Une mémoire en mouvement : la portée du répertoire oral
L’un des héritages les plus cruciaux des musiciens itinérants réside dans leur rôle dans la transmission orale. Avant le XIXe siècle, peu de partitions ou recueils écrits existaient dans les sociétés rurales. La musique populaire se transmettait par imitation, en direct, et les musiciens itinérants servaient d’intermédiaires essentiels à ce processus.

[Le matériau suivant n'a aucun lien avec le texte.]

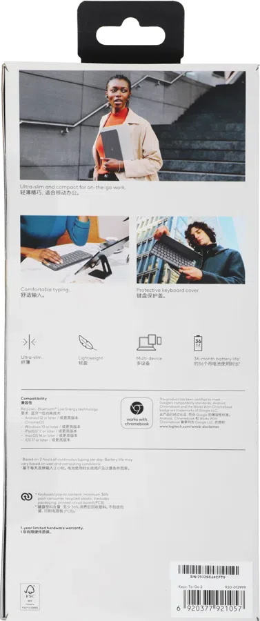 Клавиатура Logitech Keys-To-Go 2 графитовый/черный беспроводная BT slim Multimedia для ноутбука (920-012999)
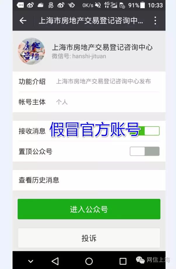 经向有关部门核实,上海市住建委及下属的上海市房地产交易中心,从未注册过“上海市房地产交易登记咨询中心”的微信公众号,也未授权该微信公众号发布过任何信息。经核查,该微信公众账号为个人注册,存在假冒官方账号发布虚假信息的行为,极易误导公众,造成不良社会影响。
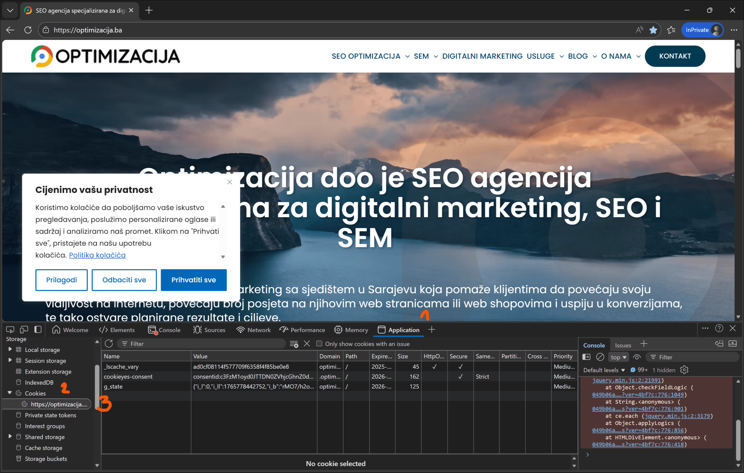Ispravno: Lista je prazna ili ima samo sistemske (npr. kao u slici ispod: nema _ga (Google Analytics-a), _fbp (Facebook Pixel-a) niti ads kolačića.. ). To se zove Prior Consent (prethodni pristanak). Podaci se ne smiju prikupljati dok korisnik ne kaže “DA”.

Le caractère particulier de l'oralité
La transmission orale avait ceci de unique : elle rendait la musique vivante, évolutive. Contrairement aux œuvres codifiées de la musique classique, les mélodies populaires changeaient au gré des interprétations. Le musicien, parfois contraint d’adapter une chanson à une langue, un contexte ou un goût local, devenait un véritable créateur. Par exemple, un air d’accordéon appris dans le Massif central pouvait voguer jusqu’à l’Alsace et en revenir avec des ornements d’une tout autre couleur.
Exemple : les violoneux itinérants en Auvergne
En Auvergne, une figure emblématique illustre cette tradition : celle des violoneux itinérants, souvent issus de milieux précaires. Ces musiciens, armés de leur violon et d’un petit baluchon, parcouraient les routes pour jouer lors des noces, bals ou foires. Ils partageaient non seulement des airs de bourrée, mais s’imprégnaient des influences des régions traversées, enrichissant ainsi leur répertoire.
Le collectage réalisé dans la première moitié du XXe siècle par des ethnomusicologues comme Jean Darnal témoigne de cette diversité. Il révèle également à quel point ces familles de musiciens itinérants étaient vues comme des ponts entre des terroirs parfois isolés.